Primo Conti (16 October 1900 – 12 November 1988) was an Italian futurist artist.

==Life==
Conti was born in Florence. Between the ages of 8 and 9, he showed precocious talent in the fields of music, poetry and painting. In 1913 he met the Futurists.

His attraction to the latest innovations was expressed in almost completely Futurist forms in his drawings, while he developed a unique style in his painting that was a mixture of Art Nouveau, Fauvism, Expressionism and Orphism. It was not until 1917, after meeting with Giacomo Balla in Rome, and with Filippo Tommaso Marinetti in Naples (who later enthusiastically praised Conti's book Imbottigliature which was about to be printed) that Conti became part of the Futurist movement. His contribution to the movement was not only his literary works but also the paintings and drawings he produced between 1917 and 1919—the years in which his work was taking on the metaphysical style.
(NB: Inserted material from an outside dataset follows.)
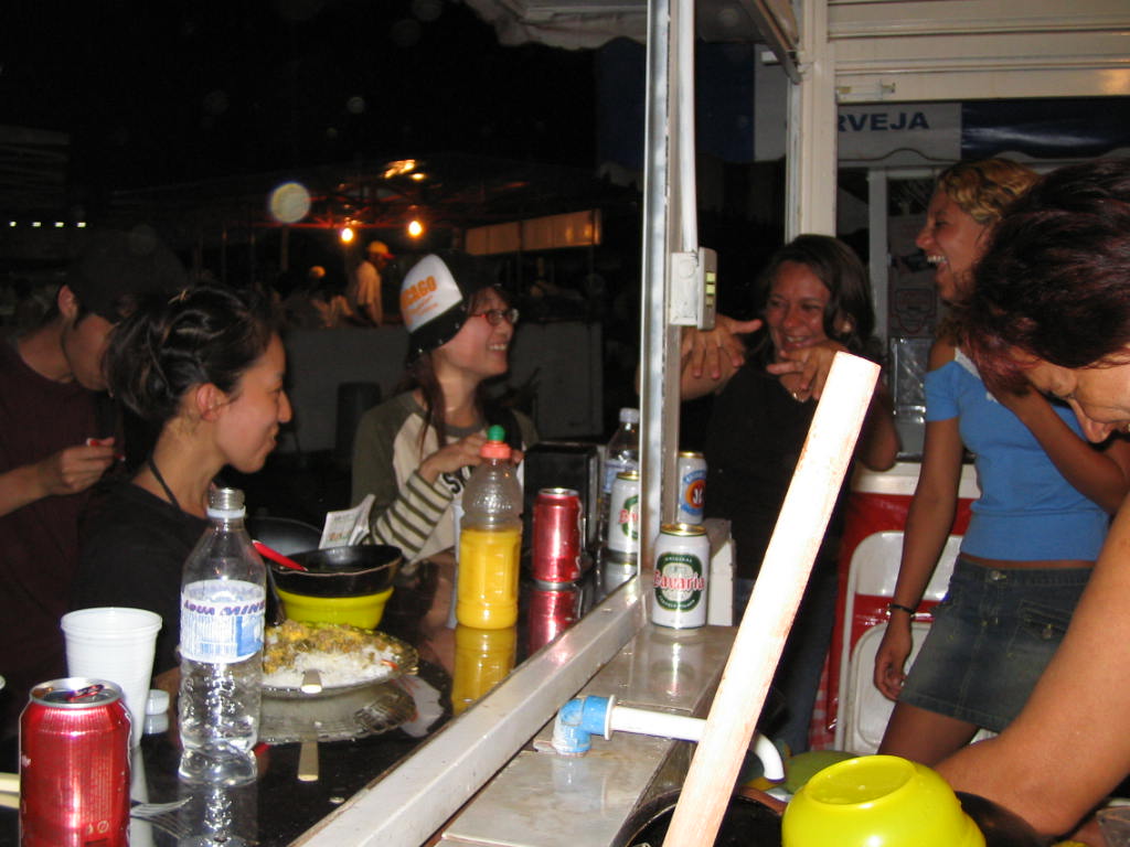 お土産を買ったり、大道芸人のパフォーマンスに参加したりしたが、まだ時間は有り余っていた。 仕方なく、芝生に座り込んで無為な時間を過ごす。 ようやく夕食の時間になったので、屋台のあった辺りに戻ってみた。 ある屋台のお客さんが英語をしゃべることができ、親しくなったわれわれはその屋台で夕食にした。 アマゾン料理の屋台らしく、好みの分かれる味だった。

The 1920s were a complex period for Conti. He explored Mannerism, Exoticism, Pittura Metafisica, and great historical and religious painting, covering a vast area that can be compared with his keen interest in the theatrical and literary world of Luigi Pirandello, Massimo Bontempelli and Enrico Pea, which led him to found the Viareggio Prize in 1929.
The 1930s brought a series of alternating events that created problems in his private life and led to his celebrative paintings. The decade also saw his enforced adhesion to Fascism (joining the Partito Nazionale Fascista), and his inner rebellion against it which transpired from his refusal to join Margherita Sarfatti's Novecento Italiano group and from other episodes when he stepped out of line. New prospects were only opened up to him when he became involved in designing stage sets for the opera house with the foundation of the Maggio Musicale Fiorentino.

By the 1940s, long before the official rediscovery (20 years later) of the Futurist movement, Conti was again working on Futurist subjects and experiments. From 1948 to 1963 he followed the rules of the Order of the Franciscans, though he still continued to paint.

Many of his works are housed in the Museo Primo Conti (Primo Conti Foundation Museum ) in the Villa le Coste at Fiesole (near Florence).